Scottish Engineering Hall of Fame

Queensferry Crossing

The Queensferry Crossing, Scotland, under construction in 2016. Jacobs/Arup client engineers

Victoria Alexandrina Drummond (1894-1978), ship's engineer, pioneering woman engineering role model

Victoria Drummond

Born at Megginch Castle, Perthshire, to a Scottish aristocratic family and christened Victoria after her God Mother Queen Victoria. She was educated privately at home and in 1913 was taken to London and presented at court as a Debutante to King George V and Queen Mary.

With this background it will be appreciated that her choice of career was treated with amazement by her family.

She was the first woman to go to Sea as a Marine Engineer and first woman to become a Member of the Institute of Marine Engineers now the Institute of Marine Engineering, Science and Technology.

In 1916 she commenced a five year Engineering apprenticeship, two years at a Perth Garage and three years at the Engineering Department of the Caledon Shipbuilding Company in Dundee. She studied Engineering three evenings a week at the Dundee Technical College now Abertay University.

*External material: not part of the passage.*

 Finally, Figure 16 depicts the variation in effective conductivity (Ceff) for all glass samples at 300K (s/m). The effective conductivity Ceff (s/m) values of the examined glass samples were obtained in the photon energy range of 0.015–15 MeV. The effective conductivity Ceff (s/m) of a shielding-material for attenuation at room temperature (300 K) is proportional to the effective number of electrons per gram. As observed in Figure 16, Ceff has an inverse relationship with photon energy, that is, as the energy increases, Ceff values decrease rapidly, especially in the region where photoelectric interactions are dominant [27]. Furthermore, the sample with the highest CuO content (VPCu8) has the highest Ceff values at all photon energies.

In 1922 as a fully qualified engineer she sailed as tenth engineer on a Blue Funnel Line ship on a voyage to Australia. Through the years she rose to Chief Engineer sailing worldwide. She also for a time stood by several ships in build and in today's terms could be called a Superintendent Engineer. Although she served with the Blue Funnel Line, British India, Cunard-White Star and Cunard most of her sea time was spent with foreign Shipping Lines due to discrimination from British Shipping Lines and the Board of Trade now the Marine and Coastguard Agency who steadfastly refused to certificate her. Undeterred she received her Chief Engineers certification abroad.

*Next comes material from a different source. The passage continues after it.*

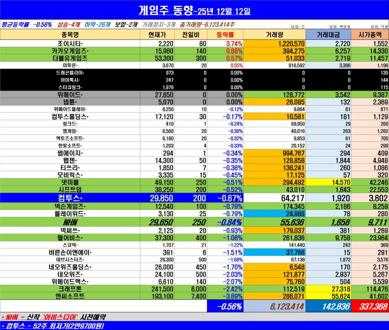 게임주식은 평균등락률 -0.56%다. 12월 9일 찔끔 반등(+0.01%) 이후 2거래일 연속 부진이다.

During WW11 her vessel was attacked by aircraft of the Luftwaffe. At the start of the attack she ordered everyone else out of the engine room and operated the machinery single handed and increased the ships speed by several knots thus allowing greater manoeuvrability of the ship to avoid the bombs. For this action she was made a Member of the British Empire (MBE) the citation reading 'For devotion to duty' with the investiture by King George VI. She was also awarded Lloyds war medal for bravery at sea.

She eventually retired in 1962 after forty years at sea.

Victoria Drummond died in 1978 aged 84 and is buried where she was born, Megginch Castle, Perthshire, Scotland.

She opened doors for other women to follow and is still cited by the Institute of Marine Engineering, Science and Technology together with various women's organisations as a role model to be followed.

The Victoria Drummond Award , set up by Nautilus (seafarers union) is presented to women whose achievements boost the profile of women at sea.

Victoria Drummond was shortlisted for the Wallace Monument "Hall of Heroines".